Word for word, restate the lines of the data below between those holding "該提蓋式主要適用于制藥、食品" and "Banconote mondiali, Azzorre", inclusive; pictures do not belong in the copy.
[Opening Records for this task section]
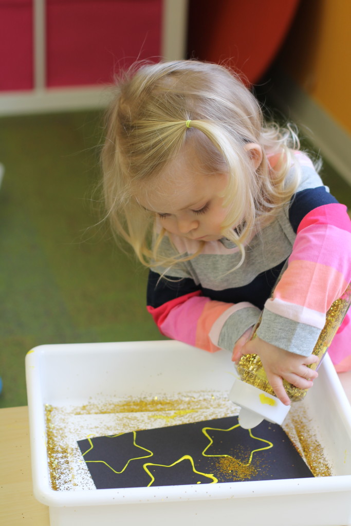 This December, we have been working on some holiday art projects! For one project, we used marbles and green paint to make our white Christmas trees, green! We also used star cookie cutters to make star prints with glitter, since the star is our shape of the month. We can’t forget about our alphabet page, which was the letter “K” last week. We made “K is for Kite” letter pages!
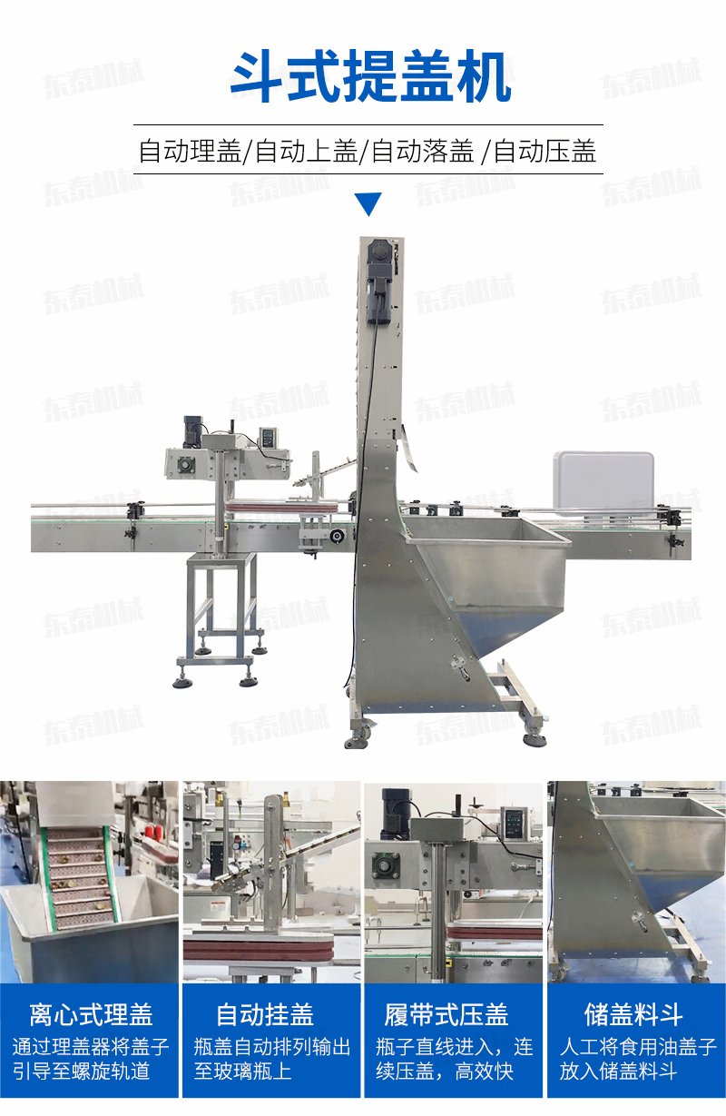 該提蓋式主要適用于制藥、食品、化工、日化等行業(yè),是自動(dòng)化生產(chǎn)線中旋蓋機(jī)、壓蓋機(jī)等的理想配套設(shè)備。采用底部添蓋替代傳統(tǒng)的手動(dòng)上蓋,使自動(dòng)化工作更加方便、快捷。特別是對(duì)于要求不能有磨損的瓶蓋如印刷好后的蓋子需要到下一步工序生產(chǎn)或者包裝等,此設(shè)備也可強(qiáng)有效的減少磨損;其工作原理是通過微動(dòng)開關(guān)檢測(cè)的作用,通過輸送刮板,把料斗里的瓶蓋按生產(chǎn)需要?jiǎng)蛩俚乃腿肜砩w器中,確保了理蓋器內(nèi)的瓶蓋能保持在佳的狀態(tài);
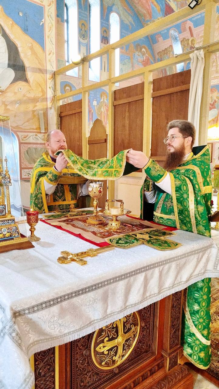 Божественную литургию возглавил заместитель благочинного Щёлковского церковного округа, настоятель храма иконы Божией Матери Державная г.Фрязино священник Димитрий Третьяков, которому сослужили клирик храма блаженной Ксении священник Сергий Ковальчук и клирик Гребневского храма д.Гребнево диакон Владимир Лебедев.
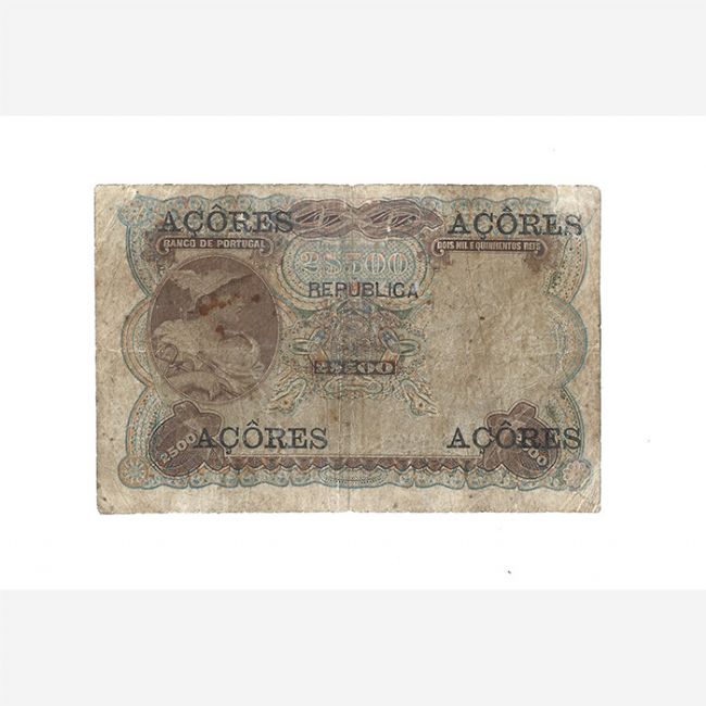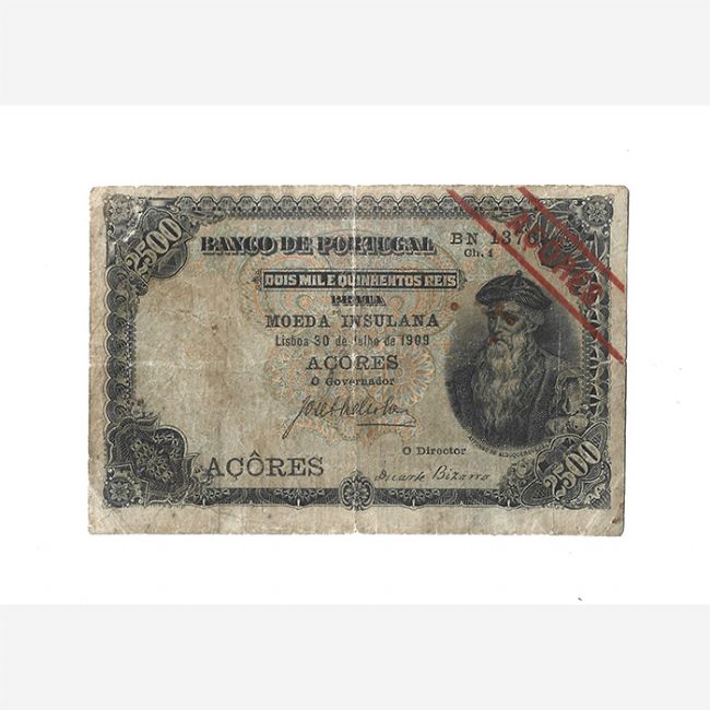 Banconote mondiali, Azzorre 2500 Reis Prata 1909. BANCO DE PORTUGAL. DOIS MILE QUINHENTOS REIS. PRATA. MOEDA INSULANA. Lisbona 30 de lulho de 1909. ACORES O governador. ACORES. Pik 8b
[Closing Records for this task section]
[Opening Records for this task section]
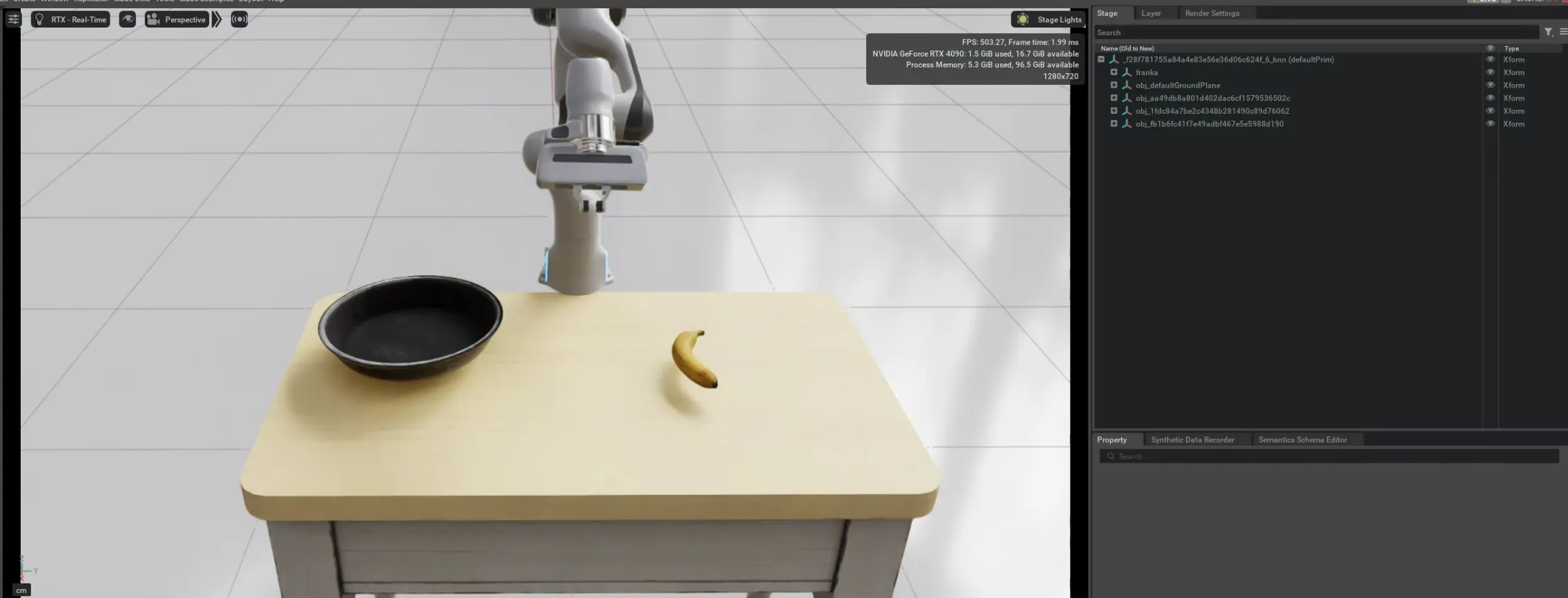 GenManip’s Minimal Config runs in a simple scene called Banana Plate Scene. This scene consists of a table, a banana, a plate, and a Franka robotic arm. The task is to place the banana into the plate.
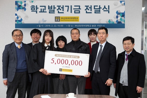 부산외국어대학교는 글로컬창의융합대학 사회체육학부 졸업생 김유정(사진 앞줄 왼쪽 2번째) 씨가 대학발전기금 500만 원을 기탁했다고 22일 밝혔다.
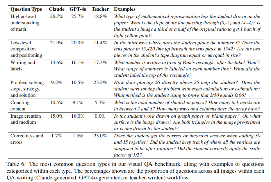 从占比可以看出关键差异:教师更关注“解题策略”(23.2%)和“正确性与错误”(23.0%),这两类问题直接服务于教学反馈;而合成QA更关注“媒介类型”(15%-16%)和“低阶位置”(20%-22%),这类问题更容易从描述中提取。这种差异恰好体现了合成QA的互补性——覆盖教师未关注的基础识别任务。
[Closing Records for this task section]
**Finished exercise:**
 該提蓋式主要適用于制藥、食品、化工、日化等行業(yè),是自動(dòng)化生產(chǎn)線中旋蓋機(jī)、壓蓋機(jī)等的理想配套設(shè)備。采用底部添蓋替代傳統(tǒng)的手動(dòng)上蓋,使自動(dòng)化工作更加方便、快捷。特別是對(duì)于要求不能有磨損的瓶蓋如印刷好后的蓋子需要到下一步工序生產(chǎn)或者包裝等,此設(shè)備也可強(qiáng)有效的減少磨損;其工作原理是通過微動(dòng)開關(guān)檢測(cè)的作用,通過輸送刮板,把料斗里的瓶蓋按生產(chǎn)需要?jiǎng)蛩俚乃腿肜砩w器中,確保了理蓋器內(nèi)的瓶蓋能保持在佳的狀態(tài);
 Божественную литургию возглавил заместитель благочинного Щёлковского церковного округа, настоятель храма иконы Божией Матери Державная г.Фрязино священник Димитрий Третьяков, которому сослужили клирик храма блаженной Ксении священник Сергий Ковальчук и клирик Гребневского храма д.Гребнево диакон Владимир Лебедев.
 Banconote mondiali, Azzorre 2500 Reis Prata 1909. BANCO DE PORTUGAL. DOIS MILE QUINHENTOS REIS. PRATA. MOEDA INSULANA. Lisbona 30 de lulho de 1909. ACORES O governador. ACORES. Pik 8b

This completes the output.